PROVIDED INFORMATION:
________________________

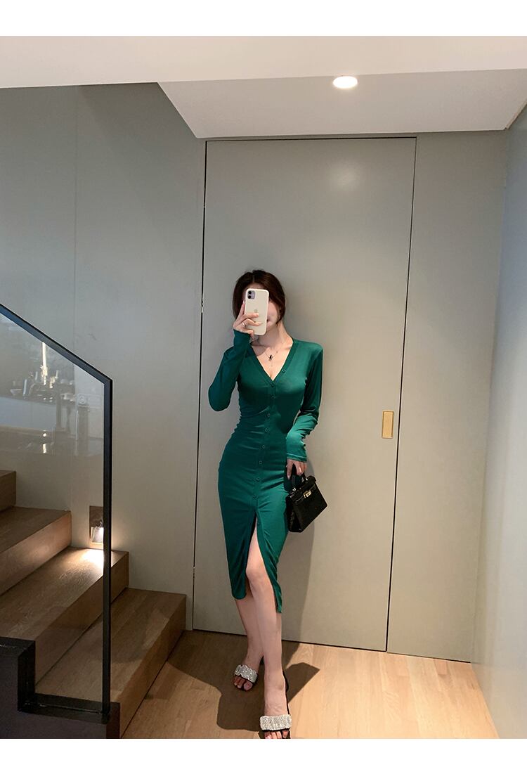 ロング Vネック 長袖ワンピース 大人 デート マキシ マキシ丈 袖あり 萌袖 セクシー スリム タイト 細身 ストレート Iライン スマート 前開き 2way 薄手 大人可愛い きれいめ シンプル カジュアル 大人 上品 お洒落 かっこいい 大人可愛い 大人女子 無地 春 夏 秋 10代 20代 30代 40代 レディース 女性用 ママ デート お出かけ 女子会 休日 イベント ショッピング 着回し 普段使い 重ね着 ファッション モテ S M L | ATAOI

________________________

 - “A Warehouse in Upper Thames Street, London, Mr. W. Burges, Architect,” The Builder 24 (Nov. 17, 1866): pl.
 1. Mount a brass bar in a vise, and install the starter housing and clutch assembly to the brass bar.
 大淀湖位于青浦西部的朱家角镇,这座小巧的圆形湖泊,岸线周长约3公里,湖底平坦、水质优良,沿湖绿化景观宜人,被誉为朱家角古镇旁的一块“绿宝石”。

________________________

WHAT TO DO: Only the lines above starting at the one containing "1. Mount a brass" and ending at the one containing "大淀湖位于青浦西部的朱家角镇", both included, are to be returned, exactly as they read.

ANSWER FOR THE TASK:
 1. Mount a brass bar in a vise, and install the starter housing and clutch assembly to the brass bar.
 大淀湖位于青浦西部的朱家角镇,这座小巧的圆形湖泊,岸线周长约3公里,湖底平坦、水质优良,沿湖绿化景观宜人,被誉为朱家角古镇旁的一块“绿宝石”。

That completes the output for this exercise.